When you reach the line with "ASOS DESIGN Petite" in the listing below, transcribe it and each line after it up to and including the line with "Banarasi crepe saree", exactly and with nothing else.

- **Available records**
=== Begin Enclosure ===

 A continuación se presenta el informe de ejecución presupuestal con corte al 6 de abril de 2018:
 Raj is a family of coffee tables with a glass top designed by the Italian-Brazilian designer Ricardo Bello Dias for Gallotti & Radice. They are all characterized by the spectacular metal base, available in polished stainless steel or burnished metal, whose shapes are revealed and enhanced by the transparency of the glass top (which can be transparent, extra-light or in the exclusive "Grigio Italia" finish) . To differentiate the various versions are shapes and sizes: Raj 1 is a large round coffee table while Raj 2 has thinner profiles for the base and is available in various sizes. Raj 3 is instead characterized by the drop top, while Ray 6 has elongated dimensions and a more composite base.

=== End Enclosure ===
=== Begin Enclosure ===

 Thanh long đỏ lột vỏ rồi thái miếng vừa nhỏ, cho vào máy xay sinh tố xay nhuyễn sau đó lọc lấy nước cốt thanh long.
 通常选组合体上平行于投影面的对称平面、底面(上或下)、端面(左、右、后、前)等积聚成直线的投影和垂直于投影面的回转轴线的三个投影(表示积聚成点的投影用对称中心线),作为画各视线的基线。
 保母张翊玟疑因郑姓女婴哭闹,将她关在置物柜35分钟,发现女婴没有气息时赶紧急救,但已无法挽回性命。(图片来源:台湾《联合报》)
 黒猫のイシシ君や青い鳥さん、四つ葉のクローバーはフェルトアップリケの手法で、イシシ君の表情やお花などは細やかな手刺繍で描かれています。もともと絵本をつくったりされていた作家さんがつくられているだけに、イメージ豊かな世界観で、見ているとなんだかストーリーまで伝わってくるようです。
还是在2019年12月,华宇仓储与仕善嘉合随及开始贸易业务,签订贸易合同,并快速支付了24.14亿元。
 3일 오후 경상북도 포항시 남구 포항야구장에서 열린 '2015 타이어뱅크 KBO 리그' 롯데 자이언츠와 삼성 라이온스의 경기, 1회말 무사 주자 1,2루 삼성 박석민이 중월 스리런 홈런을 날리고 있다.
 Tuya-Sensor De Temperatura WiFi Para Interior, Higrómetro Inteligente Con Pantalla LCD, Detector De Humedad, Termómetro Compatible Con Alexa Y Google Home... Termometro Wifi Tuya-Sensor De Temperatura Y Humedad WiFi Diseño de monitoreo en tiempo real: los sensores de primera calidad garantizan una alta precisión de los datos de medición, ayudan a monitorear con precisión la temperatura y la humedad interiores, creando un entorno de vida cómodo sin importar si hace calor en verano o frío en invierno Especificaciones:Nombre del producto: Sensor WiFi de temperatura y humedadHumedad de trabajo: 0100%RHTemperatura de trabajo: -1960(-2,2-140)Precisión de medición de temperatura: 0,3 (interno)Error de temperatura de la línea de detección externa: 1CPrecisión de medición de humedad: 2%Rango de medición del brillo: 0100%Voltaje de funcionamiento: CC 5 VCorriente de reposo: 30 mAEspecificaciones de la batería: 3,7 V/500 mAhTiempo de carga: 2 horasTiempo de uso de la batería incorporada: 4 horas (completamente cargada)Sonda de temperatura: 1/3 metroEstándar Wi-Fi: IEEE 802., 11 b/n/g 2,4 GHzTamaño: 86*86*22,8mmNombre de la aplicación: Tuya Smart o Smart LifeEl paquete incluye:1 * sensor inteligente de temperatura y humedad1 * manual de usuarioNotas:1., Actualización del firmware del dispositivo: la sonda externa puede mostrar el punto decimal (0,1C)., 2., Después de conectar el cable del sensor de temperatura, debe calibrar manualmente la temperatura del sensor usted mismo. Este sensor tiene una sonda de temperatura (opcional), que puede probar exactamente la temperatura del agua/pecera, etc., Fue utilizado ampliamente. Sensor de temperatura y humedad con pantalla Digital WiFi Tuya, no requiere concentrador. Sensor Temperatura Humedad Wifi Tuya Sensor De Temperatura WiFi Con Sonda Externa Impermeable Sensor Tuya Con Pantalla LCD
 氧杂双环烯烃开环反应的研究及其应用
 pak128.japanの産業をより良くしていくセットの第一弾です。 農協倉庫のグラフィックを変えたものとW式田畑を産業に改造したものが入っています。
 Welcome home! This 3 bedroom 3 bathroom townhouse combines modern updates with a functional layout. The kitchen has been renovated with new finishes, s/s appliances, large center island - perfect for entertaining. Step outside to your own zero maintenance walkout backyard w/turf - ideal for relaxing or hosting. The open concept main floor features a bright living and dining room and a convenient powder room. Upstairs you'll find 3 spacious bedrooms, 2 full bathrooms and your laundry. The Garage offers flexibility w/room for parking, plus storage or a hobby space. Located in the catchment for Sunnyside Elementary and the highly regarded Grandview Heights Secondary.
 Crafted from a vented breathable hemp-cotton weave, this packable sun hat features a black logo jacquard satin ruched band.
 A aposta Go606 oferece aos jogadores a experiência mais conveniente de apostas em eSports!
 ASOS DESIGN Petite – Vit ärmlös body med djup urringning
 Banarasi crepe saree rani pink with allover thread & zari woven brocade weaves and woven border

=== End Enclosure ===

- **Answer to the problem**
 ASOS DESIGN Petite – Vit ärmlös body med djup urringning
 Banarasi crepe saree rani pink with allover thread & zari woven brocade weaves and woven border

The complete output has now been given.